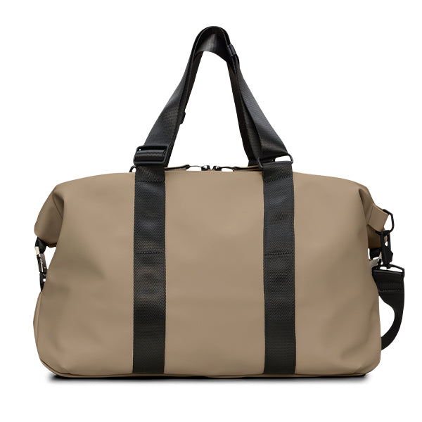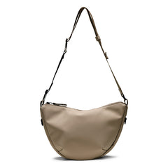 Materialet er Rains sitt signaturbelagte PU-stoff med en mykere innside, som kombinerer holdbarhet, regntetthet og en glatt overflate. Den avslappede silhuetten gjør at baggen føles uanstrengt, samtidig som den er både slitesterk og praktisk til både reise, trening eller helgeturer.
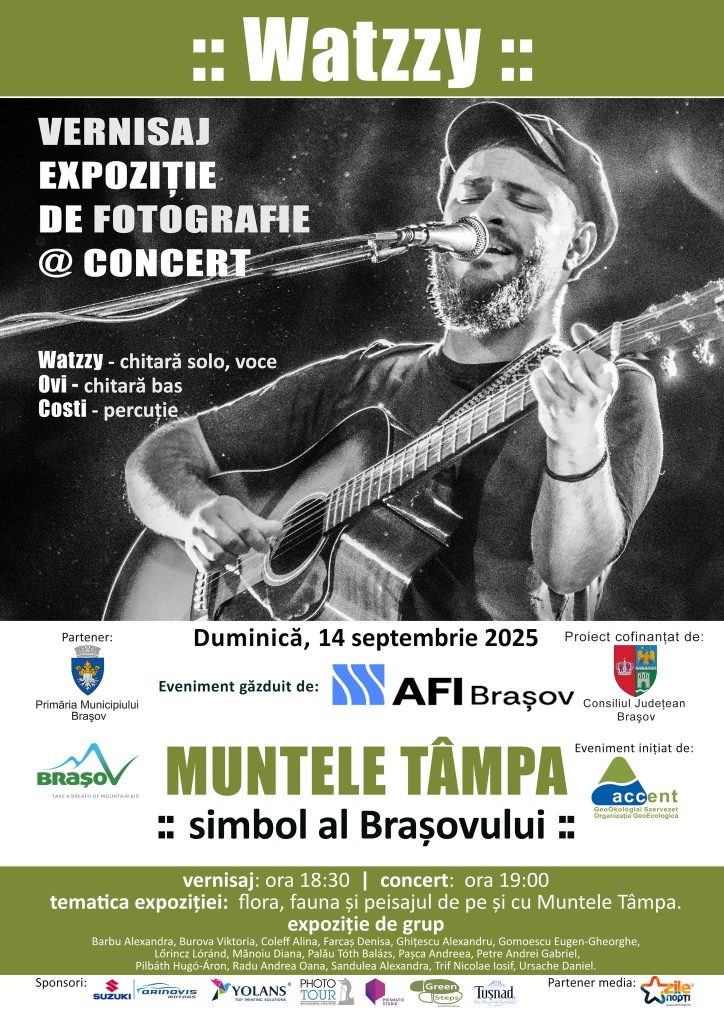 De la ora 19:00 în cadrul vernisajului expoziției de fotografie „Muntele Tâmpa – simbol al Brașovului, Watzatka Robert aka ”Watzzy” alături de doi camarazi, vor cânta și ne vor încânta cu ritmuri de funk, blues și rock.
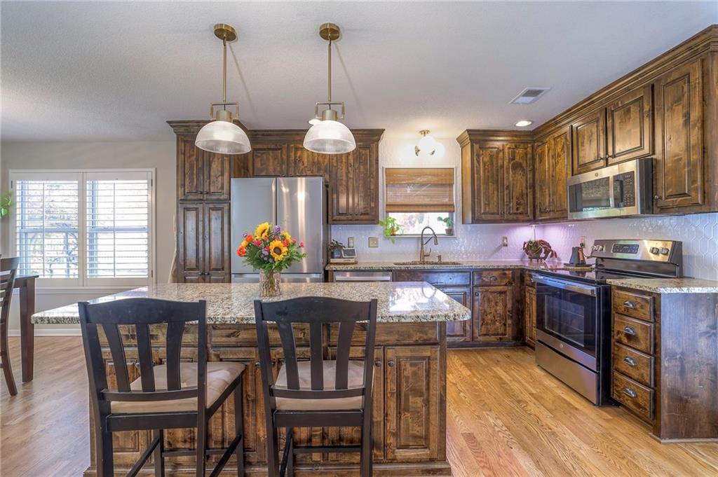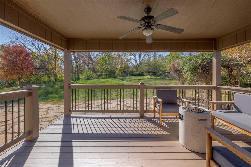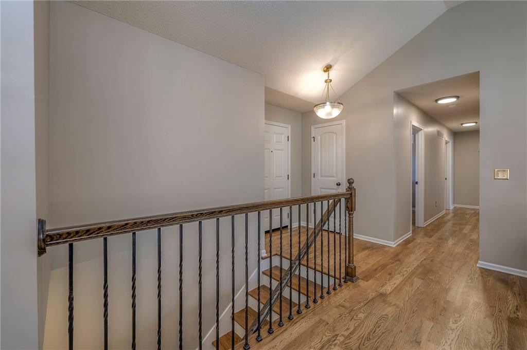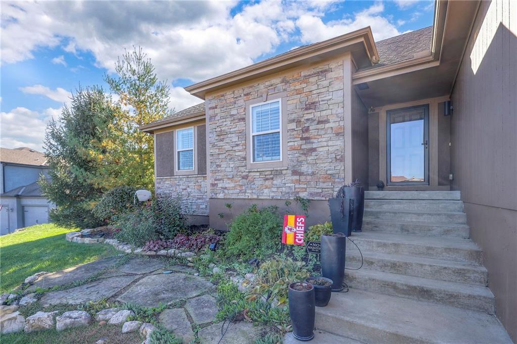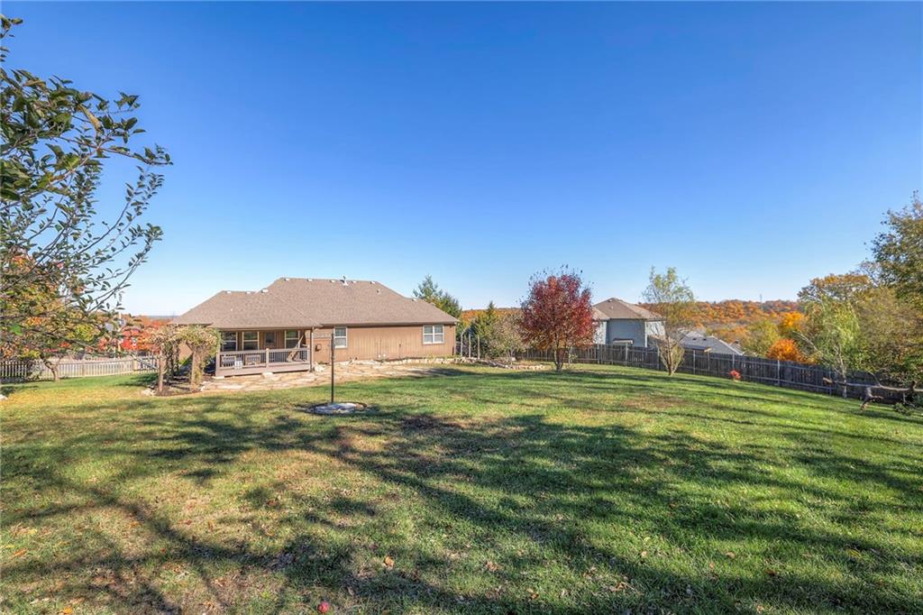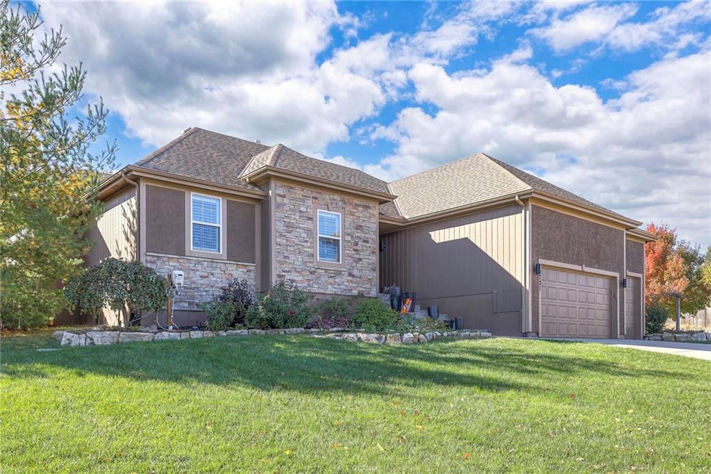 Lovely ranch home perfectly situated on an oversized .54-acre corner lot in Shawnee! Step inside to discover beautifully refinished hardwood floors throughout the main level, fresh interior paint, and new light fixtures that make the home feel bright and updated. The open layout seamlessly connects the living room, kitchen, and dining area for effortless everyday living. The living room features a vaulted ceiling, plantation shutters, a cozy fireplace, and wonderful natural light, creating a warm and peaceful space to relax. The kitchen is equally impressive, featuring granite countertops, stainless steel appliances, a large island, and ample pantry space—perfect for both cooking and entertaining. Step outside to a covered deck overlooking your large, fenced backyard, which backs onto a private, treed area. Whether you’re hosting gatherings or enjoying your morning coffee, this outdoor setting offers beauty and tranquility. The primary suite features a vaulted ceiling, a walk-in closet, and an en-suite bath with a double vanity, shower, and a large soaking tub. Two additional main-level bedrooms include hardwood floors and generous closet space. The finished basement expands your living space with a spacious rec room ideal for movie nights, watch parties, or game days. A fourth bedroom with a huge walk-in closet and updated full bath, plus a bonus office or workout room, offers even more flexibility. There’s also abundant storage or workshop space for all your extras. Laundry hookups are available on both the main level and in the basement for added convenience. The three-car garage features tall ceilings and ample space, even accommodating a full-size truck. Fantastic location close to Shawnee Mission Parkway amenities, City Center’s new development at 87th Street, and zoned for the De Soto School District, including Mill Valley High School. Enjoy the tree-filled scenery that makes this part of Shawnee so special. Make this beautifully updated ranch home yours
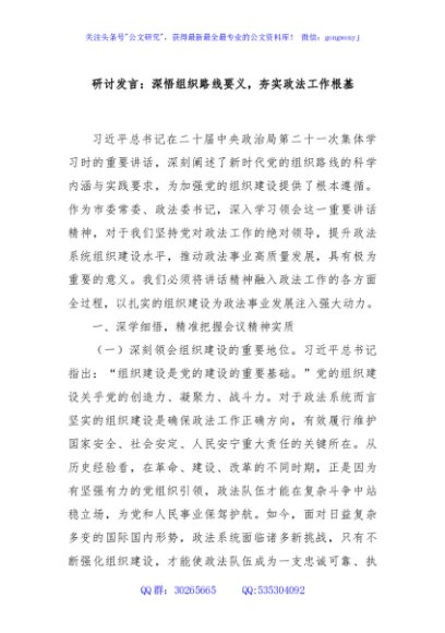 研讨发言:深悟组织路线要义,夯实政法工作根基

• • • • •

▸ WHAT NEEDS TO BE DONE
The listing should be transcribed exactly. No picture is to appear in the transcription.

▸ TASK OUTPUT
 Materialet er Rains sitt signaturbelagte PU-stoff med en mykere innside, som kombinerer holdbarhet, regntetthet og en glatt overflate. Den avslappede silhuetten gjør at baggen føles uanstrengt, samtidig som den er både slitesterk og praktisk til både reise, trening eller helgeturer.
 De la ora 19:00 în cadrul vernisajului expoziției de fotografie „Muntele Tâmpa – simbol al Brașovului, Watzatka Robert aka ”Watzzy” alături de doi camarazi, vor cânta și ne vor încânta cu ritmuri de funk, blues și rock.
 Lovely ranch home perfectly situated on an oversized .54-acre corner lot in Shawnee! Step inside to discover beautifully refinished hardwood floors throughout the main level, fresh interior paint, and new light fixtures that make the home feel bright and updated. The open layout seamlessly connects the living room, kitchen, and dining area for effortless everyday living. The living room features a vaulted ceiling, plantation shutters, a cozy fireplace, and wonderful natural light, creating a warm and peaceful space to relax. The kitchen is equally impressive, featuring granite countertops, stainless steel appliances, a large island, and ample pantry space—perfect for both cooking and entertaining. Step outside to a covered deck overlooking your large, fenced backyard, which backs onto a private, treed area. Whether you’re hosting gatherings or enjoying your morning coffee, this outdoor setting offers beauty and tranquility. The primary suite features a vaulted ceiling, a walk-in closet, and an en-suite bath with a double vanity, shower, and a large soaking tub. Two additional main-level bedrooms include hardwood floors and generous closet space. The finished basement expands your living space with a spacious rec room ideal for movie nights, watch parties, or game days. A fourth bedroom with a huge walk-in closet and updated full bath, plus a bonus office or workout room, offers even more flexibility. There’s also abundant storage or workshop space for all your extras. Laundry hookups are available on both the main level and in the basement for added convenience. The three-car garage features tall ceilings and ample space, even accommodating a full-size truck. Fantastic location close to Shawnee Mission Parkway amenities, City Center’s new development at 87th Street, and zoned for the De Soto School District, including Mill Valley High School. Enjoy the tree-filled scenery that makes this part of Shawnee so special. Make this beautifully updated ranch home yours
 研讨发言:深悟组织路线要义,夯实政法工作根基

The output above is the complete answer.